Have a list of dishes like this – whatever you like – that get you excited about eating at home and you can put together from your pantry/freezer.

Photo from Budget Bytes Blog. Click on pic to see recipe. Again, I make this GF with rice noodles + coconut aminos

Tip 4: Keep experimenting until you find a system that works for you

I cannot stress this enough. You have a unique personality. There are some many tips out there on the internet about what you could do to be more efficient with your groceries. But those tips have to work for you!

There is likely a system out there – some combination of all the tips in the world – that will help you become better at this.

I have been reading about people creating meal plans centered around their pantries/freezers for at least ten years….did I ever consistently stick with it? Nope!

This is why I find it so ironic that I am writing this post today. I am the most reluctant meal planner in the world….but I did it out of stress and wanting to make sure that simply I stopped stressing about what to eat.every.night. Decision fatigue when my mind wants to be anywhere but in the kitchen. Knowing kind of what I am making allows me to just tackle the cooking at 5:30 – get in, get it done, mission accomplished.

My current system is to use a separate weekly planner for tracking just this area of my life….so keeping our food in a planner helps me so help. Sounds funny, but I know what I am eating week, but plans change or I switch up the order….I didn’t like crossing out things (even white out) in my daily planner….so having a separate place to write and track what we do has been perfect for me. Plus, I can see my history – what worked, what didn’t work and I can make change my behavior faster by seeing it one place. I can get as messy as I want….I feel so much more organized and on track with it!

I got this idea from Emily Ley….so I can’t take credit for it. I was already using a separate system for kind of tracking sessions with my clients and our last check-ins, so when I heard of her idea….I knew it was a winner.

I know this sounds like a broken record but a habit is more likely to be successful if it is married up to an existing habit you already have.

As far as other systems that work well, we also buy our groceries online.
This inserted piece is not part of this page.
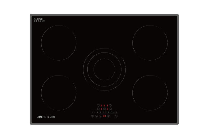 The MILLEN MEN 702 BL electric panel with five burners and a built-in timer is the most powerful in the brand’s line. Four burners are designed for dishes with a diameter of 16.5 cm, and the fifth is three-circuit, allowing you to change the heating zone depending on the size of the dishes.
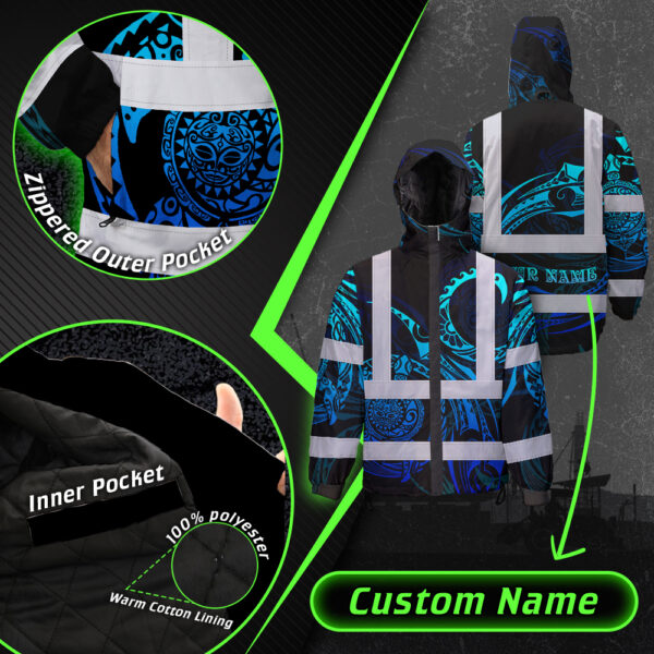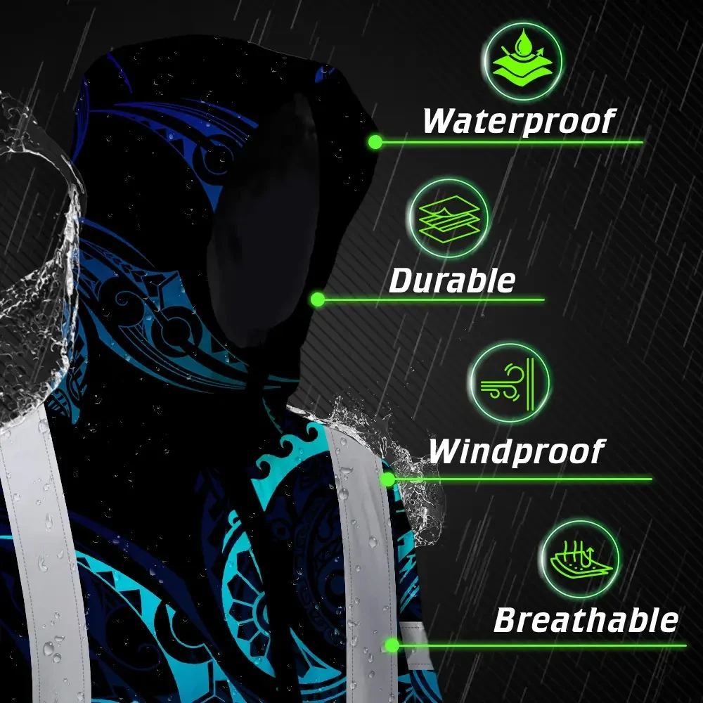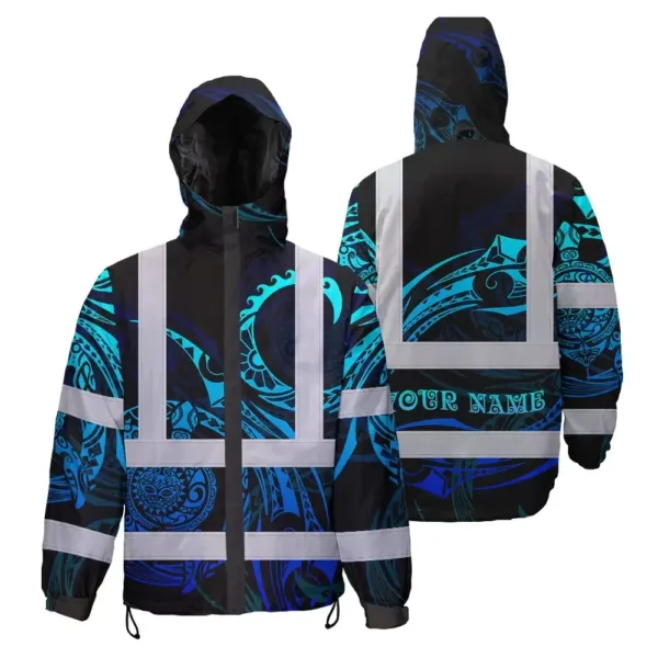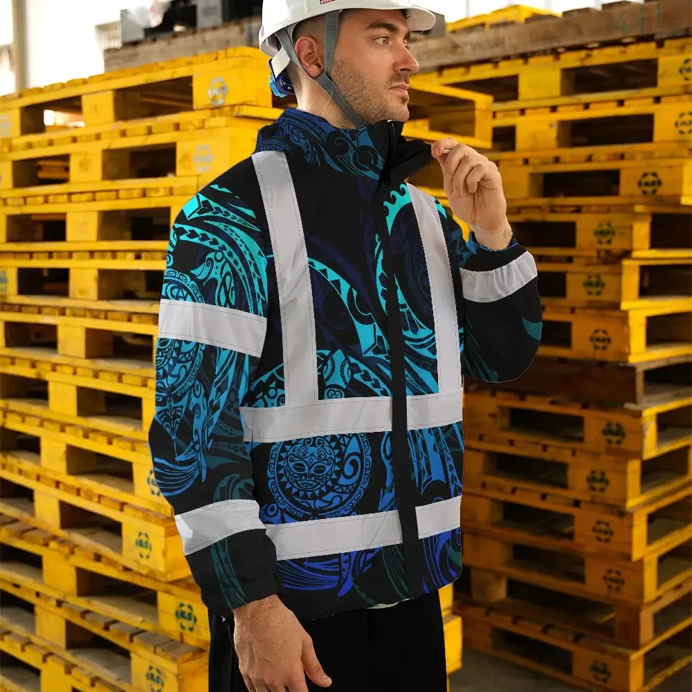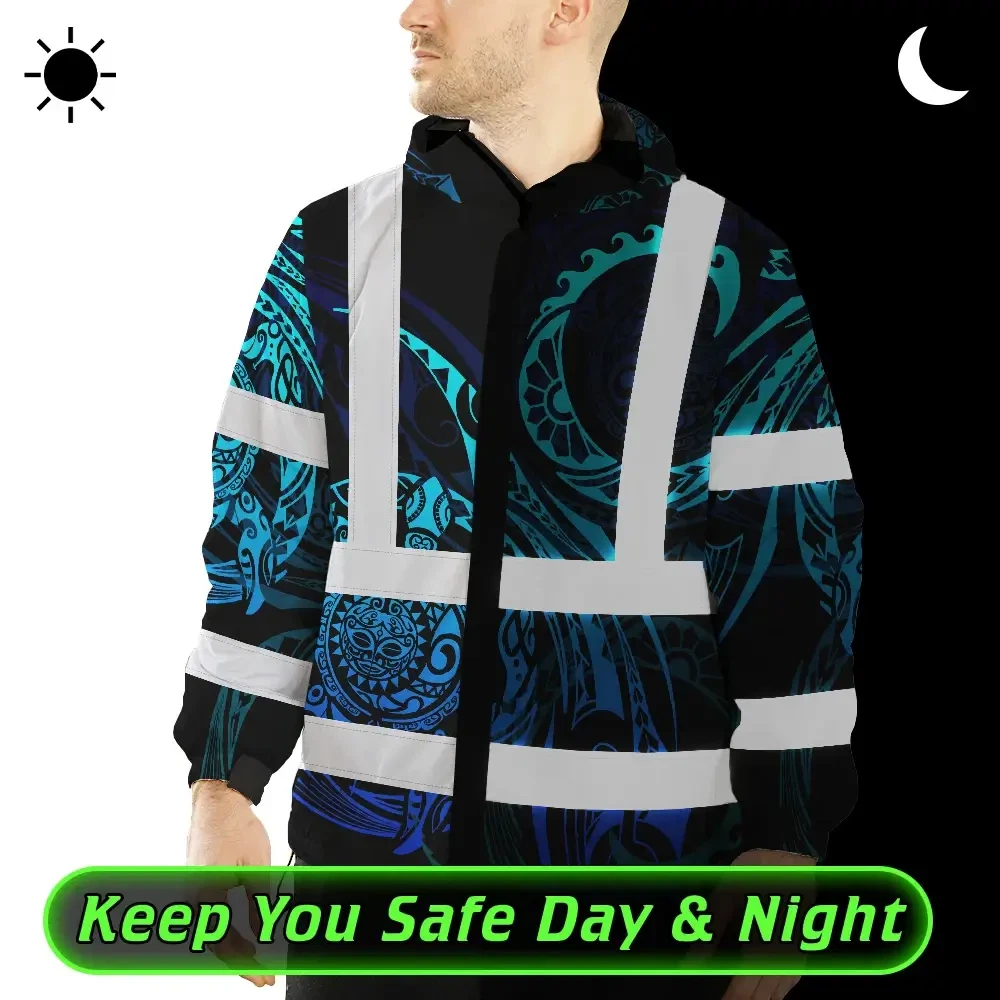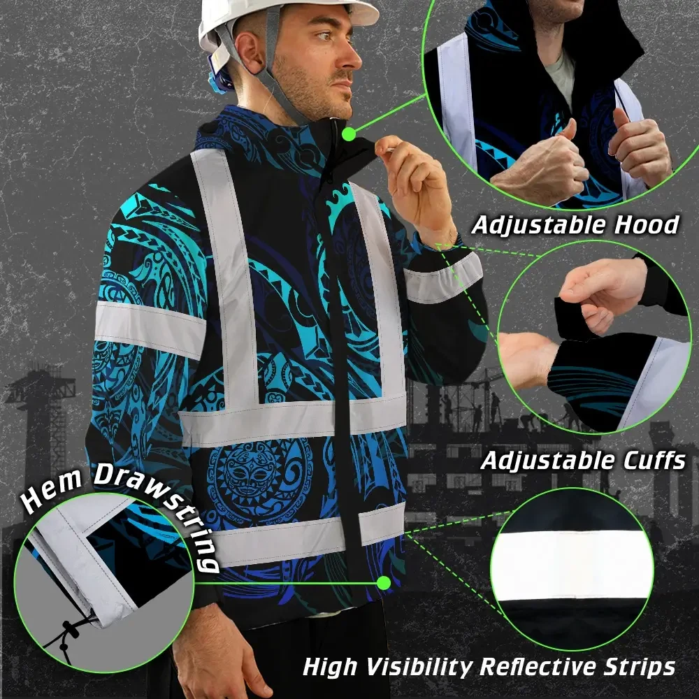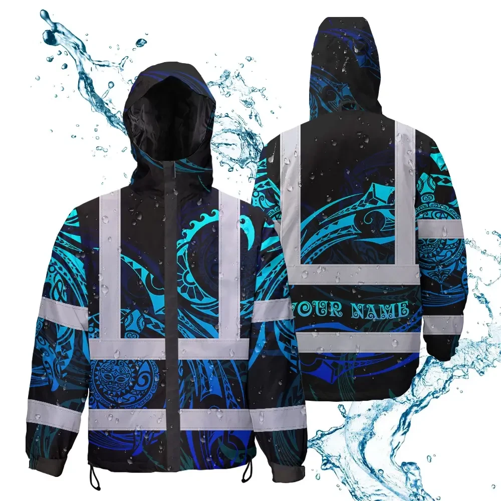 Hi Vis Jacket Waterproof Reflective Tapes Gradient Turtle Hawaiian Polynesian Tribal Custom Name Safety Workwear For Workers, Truckers, Operators

I place the order online each weekend and arrange for my husband to pick up the groceries. The time coincides with when he is already out and about….so it has been a seamless process for us. Boom! Replenished food in my house with little energy.

Tip 5: Think of the benefits

Again, this tip is more for the reluctant meal planner. You can’t focus on how this will save you money.

You have got to tie it into other things that you value: 

  • less stress because you have a plan
  • reduces decision fatigue every night
  • eating healthier a bit more consistently (not to say that you can’t get healthy meals out – but you know exactly what is in the food you are eating…this is your fuel)
  • opportunity to declutter your pantry/freezer
  • emotional high because you feel like this is an area that you are learning + improving
  • make it fun

Finally...

Do you have any other tips out there for what has helped you if you aren’t a natural at meal planning? I would love to know! Leave a comment below!

If nothing else, remember this takes practices to create good habits. Just start by creating a meal plan. Be flexible. Add some fun dishes to it. Turn on that stove and get cooking. Keep tweaking it until you find a system that works for you. You can totally do it!

About Green Bites Project

Hey! I’m Darcie. I work with amazing clients on transforming their financial habits so they can live a more purposeful lives. In 2019, so far, my clients have saved or paid off over $200,000….and they are changing their financial futures. You can read more about that here.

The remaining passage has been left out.